No one likes a ripe bottom, and so the market for pre-moistened wipes has grown over the past decade. But recently, news outlets like The Guardian have highlighted concern from municipalities that have experienced sewage back-ups and residential contamination from what they allege are wipes that don’t break down in the septic system. While manufacturers for the wipes contend that other items (baby wipes and paper towels) and poorly-labeled brands are at fault, it’s probably best to stick to toilet paper unless you’re certain a flushable wipe is meeting industry standards for breaking down in water.
3. DON’T HANG THINGS FROM EXPOSED PIPES.
This is a problem most often found in basements, where plumbers are surprised to see homeowners hanging wet or pressed clothes from the exposed plumbing. These pipes are not meant to support weight, and you’d be surprised at how heavy a few pants or shirts can get, especially when wet. The strain can cause the pipes to burst. Don’t use them as clothing racks.
4. AVOID DROP-IN BOWL CLEANER.
While cleaning your toilet bowl the old-fashioned way is no one’s idea of a party, using the drop-in style cleaners in the tank or bowl can be problematic. The corrosive chemicals constantly leaching into the water can damage pipes and even prompted some toilet manufacturers to void the warranty for using them.

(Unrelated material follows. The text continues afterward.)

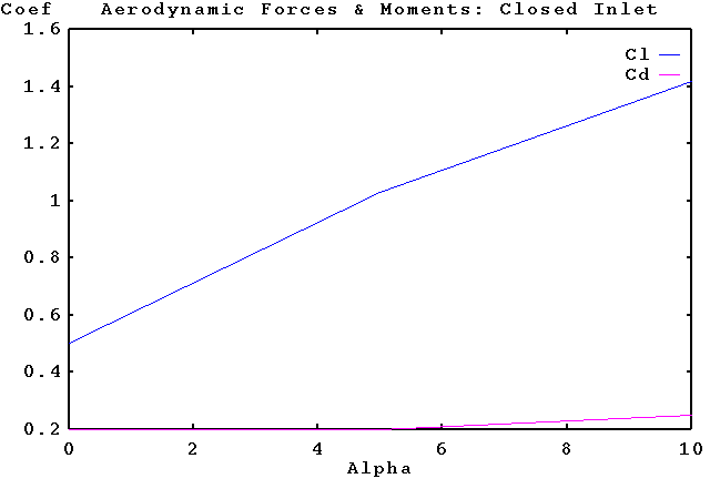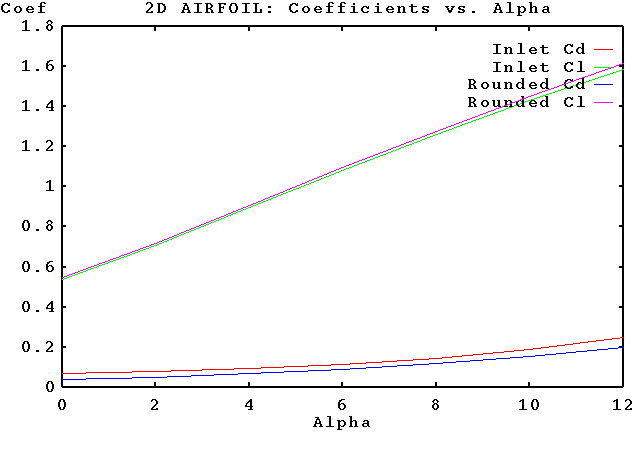 The inlet mesh was compared to the closed rounded mesh, and as we can see, the rounded mesh has a higher coefficient of lift, and a lower coefficient of drag.
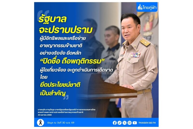 นายกฯ ยืนยันรัฐบาลเดินหน้าปราบปรามผู้มีอิทธิพลและเครือข่ายอาชญากรรมข้ามชาติอย่างจริงจังและต่อเนื่อง ยึดหลักการ “ปิดชื่อ ถือพฤติกรรม” ผู้ใดที่มีส่วนเกี่ยวข้องกับการกระทำความผิด จะถูกจะดำเนินการทางกฎหมายอย่างเด็ดขาด โดยยึดประโยชน์ของประเทศชาติเป็นสำคัญ

5. USE STAINLESS WASHER HOSES.
Some washing machines are installed with black rubber hoses that have been known to burst. To avoid a tsunami of water—up to five gallons a minute—from flooding your laundry area, use stainless braided hoses.

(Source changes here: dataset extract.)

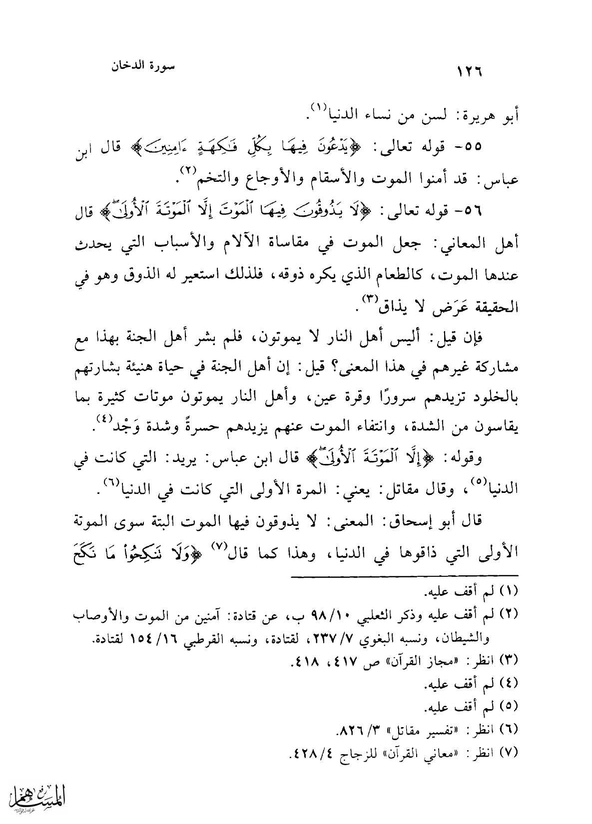 56 - قوله تعالى: {لَا يَذُوقُونَ فِيهَا الْمَوْتَ إِلَّا الْمَوْتَةَ الْأُولَى} قال أهل المعاني: جعل الموت في مقاساة الآلام والأسباب التي يحدث عندها الموت، كالطعام الذي يكره ذوقه، فلذلك استعير له الذوق وهو في الحقيقة عَرَض لا يذاق (¬3).

6. DON’T ABUSE YOUR DISPOSAL.
While certainly dangerous and ravenous for food debris, garbage disposals are not designed to eat everything. Bigger chunks of food should go into the garbage; never try to choke it with a ton of waste, either. Try slowly scraping plates to avoid a clog.
AND IF ALL ELSE FAILS…
Before you call a professional, try plunging the drain using a conventional (and hopefully clean) manual plunger. The suction might loosen a clog and allow it to drain. For shower drains, you can try a plastic stick with “teeth”—usually just a few dollars at hardware stores—that you can snake into the pipe to try and remove hair. And if water is gushing from anywhere, hopefully you’ve made sure everyone in your home knows where the main water shut-off valve is. Usually, it’s next to the water line. Find it before you need it.